Watch: Artist Douglas Coupland has been commissioned to create a golden version of the 800-year-old hollow tree that was Vancouver’s first tourist attraction. Tanya Beja reports.
Vancouver residents and visitors travelling around the area of Marine Drive and Cambie next year will see a mirror-image replica of a historic Stanley Park tree.
Canadian artist Douglas Coupland has been commissioned to build a public art piece and he chose the iconic Hollow Tree in Stanley Park.
Coupland said the Hollow Tree in Stanley Park holds a lot of memories for him and he remembers it from his youth.
Whenever we drove out-of-town visitors past the tree, we always said, “Why, it’s big enough to hold a car!” Coupland said in a statement. “In the 20th century, placing a car inside a tree didn’t feel like an ecological tragedy—instead it seemed merely kind of cool—and in many of the old black and white photos you see of it, there’s usually a Model A parked inside stuffed with bored men with walrus moustaches and equally bored women wearing cameo brooches on their tightly pulled collars.”
The Hollow Tree is said to be about 800 years old and was Vancouver’s first major tourist attraction. It was badly damaged by a windstorm in December 2006, and was slated for removal due to possible safety hazards. However, public outcry and a fundraising campaign managed to save the tree.
Get daily National news
Coupland’s tree will be the centrepiece of the front corner plaza at the entrance to Intracorp’s new MC2 development at Marine Drive at Cambie.

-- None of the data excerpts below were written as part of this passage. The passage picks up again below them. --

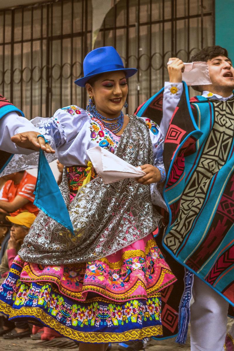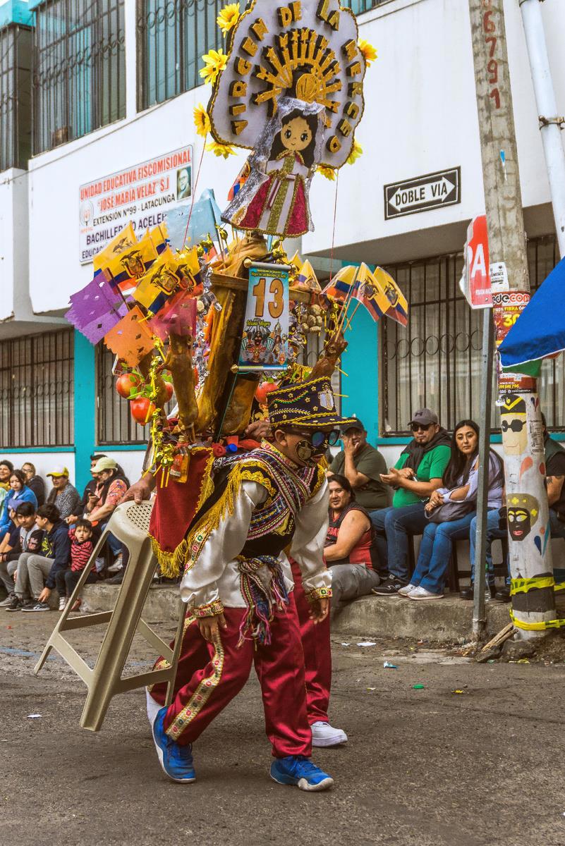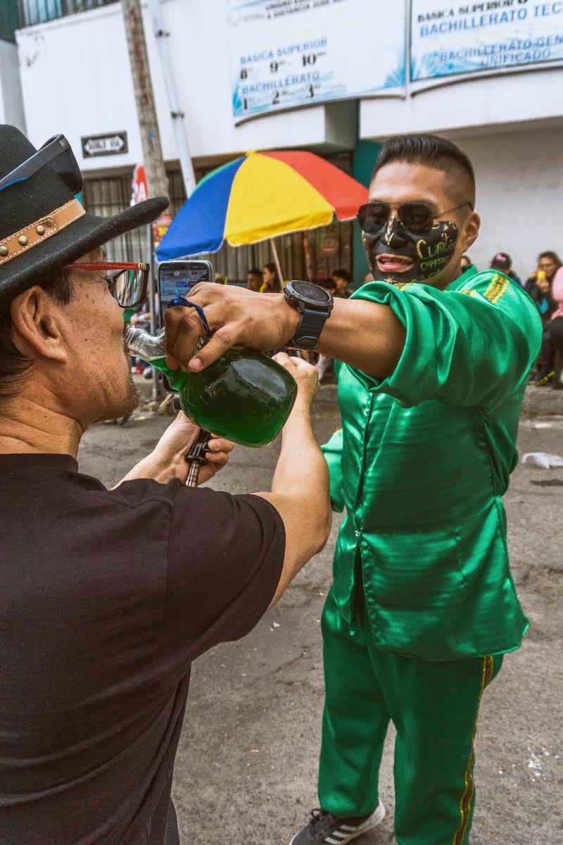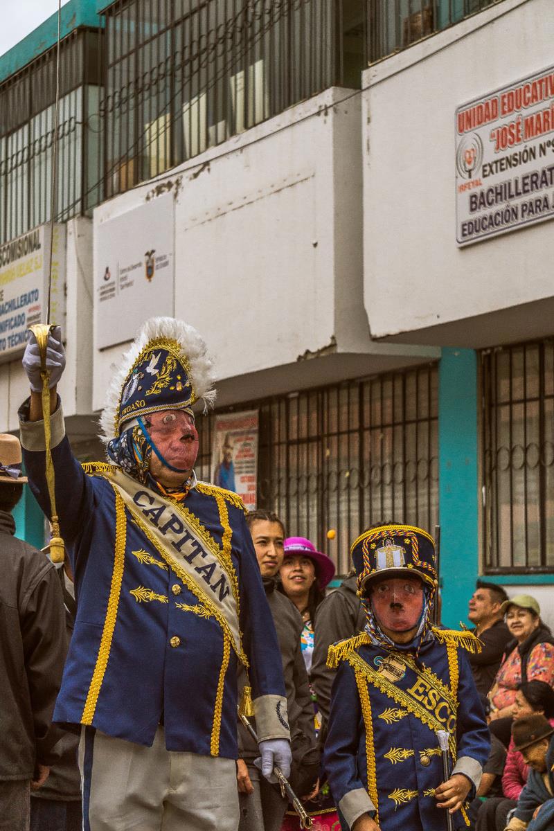 Жители Латакунги и редкие туристы занимают места заранее, набирают себе пивка и смотрят за парадными коробками (назовём их так), которые всегда повторяются. В каждой группе* обязательно есть оркестр, танцоры, несуны еды (ашангерос), старушки-веселушки (гуаричис), один наливатель (лос лоэрос) и троица очистителей (уакос). Сразу говорю, эти функции придумала им я, ну, потому что мне так удобнее. Настоящие наименования — они в скобках, ага.
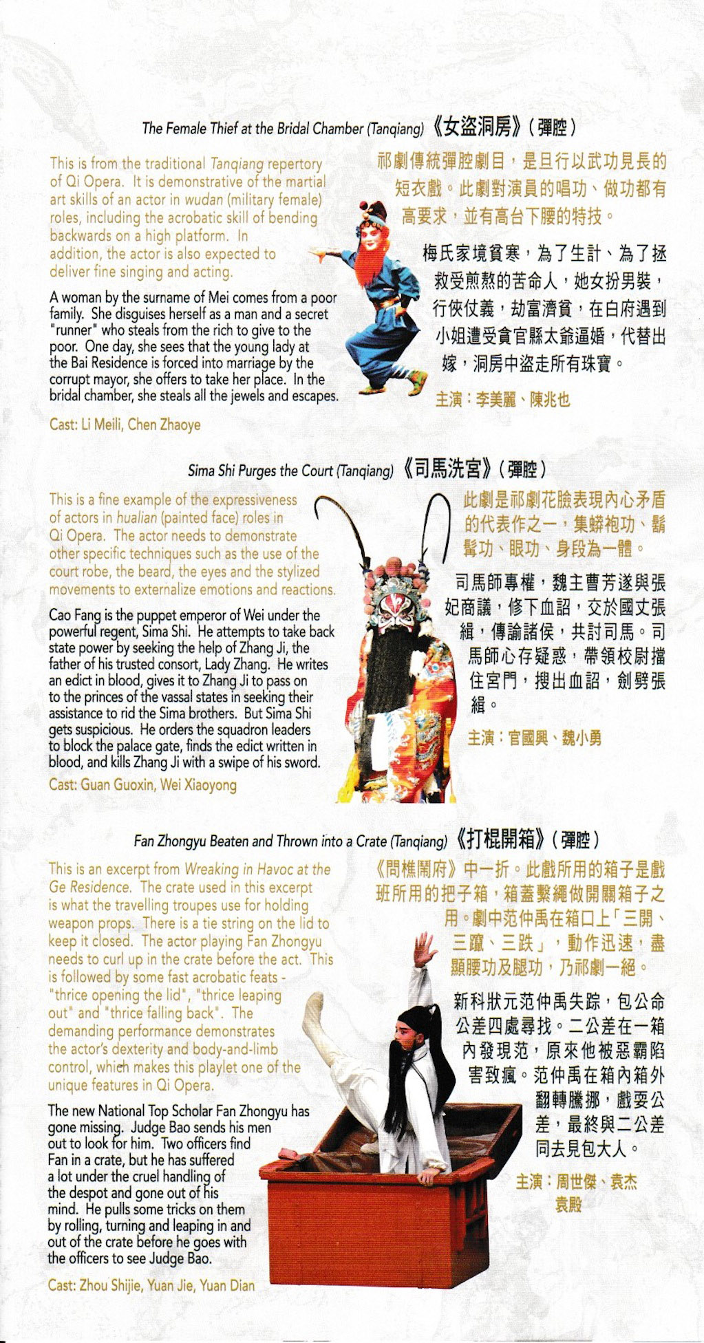 自古祁陽之地信鬼好祀,多有百戲雜技之藝。明末清初,祁劇高腔盛行於湖南地域,清嘉慶年間彈腔傳入,形成高、崑、彈兼唱的祁劇。祁劇高腔源自弋陽腔,據載明嘉靖時期弋陽腔傳入湖南,目連戲亦隨之而至,故祁劇藝人奉目連戲為祁劇高腔之祖,《目連傳》為連台大本高腔戲之冠。2011年戲曲節首次邀請劇團來港演出,高腔本戲《目連救母》演出技驚四座,好評如潮,惟向隅者眾。今年戲曲節藉目連戲系列,再次邀約劇團優秀演員劉登雄、肖笑波等傾力演出《目連救母》及目連折子戲《佛貶桂枝》、《辭庵》、《雙下山》,讓更多觀眾欣賞到祁劇目連戲的精妙技藝。除此之外,劇團亦帶來多齣精選傳統祁劇折子戲:花臉戲《秦府抵命》全劇無一唱詞,演員只通過道白、動作表現喪子悲痛,運用「撲桌」技巧刻劃人物性格;《醉打山門》運用眼功、臉子功、腿功、肚皮功等各種技法演出,單靠一條腿支撐的十八羅漢造型,活靈活現。祁劇《昭君出塞》曾風靡全國,唱腔設計豐富流麗,傑作當前,絕對值得一看再看。
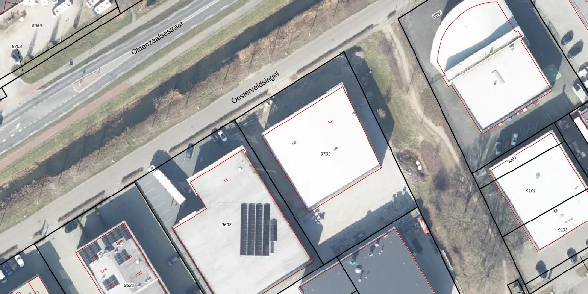 Oosterveldsingel 9-B is gelegen op kadastraal perceel HGL01T9703. Deze kadastrale aanduiding is uniek en wordt gebruikt door het Kadaster om eigendomsrechten en andere zakelijke rechten vast te leggen. Het perceel maakt onderdeel uit van de kadastrale gemeente Hengelo Overijssel.

“Vancouver is changing, too. I barely recognize the Vancouver of my youth,” said Coupland in his statement. “While most cities on earth never change, Vancouver seems to morph through a new version of itself every ten years. It’s pretty obvious the centre of the city’s gravity is moving eastward, and that the demographic reality of Vancouver is changing by the hour. What do all these new Vancouverites make of their new home? Vancouver is a city with so little history compared to most other cities… does it feel like a blank piece of paper to newcomers? Maybe it does, and that’s one of the city’s attractions—the feeling that it’s a place where one can start over, or perhaps reinvent oneself.”
Coupland’s tree will be completed in 2015 and will be a golden version of the original.
“Our old impulse when confronted with an oversize tree was to drive a car through it,”said Coupland in his statement. “Our new impulse is to revere it and to be reminded of how lucky we are to be blessed by nature every time we pass by on our feet, on our bikes, in our cars and buses, and in our Skytrain when we enter and exit ground that is ever so slightly more hallowed with the gesture of the golden tree.”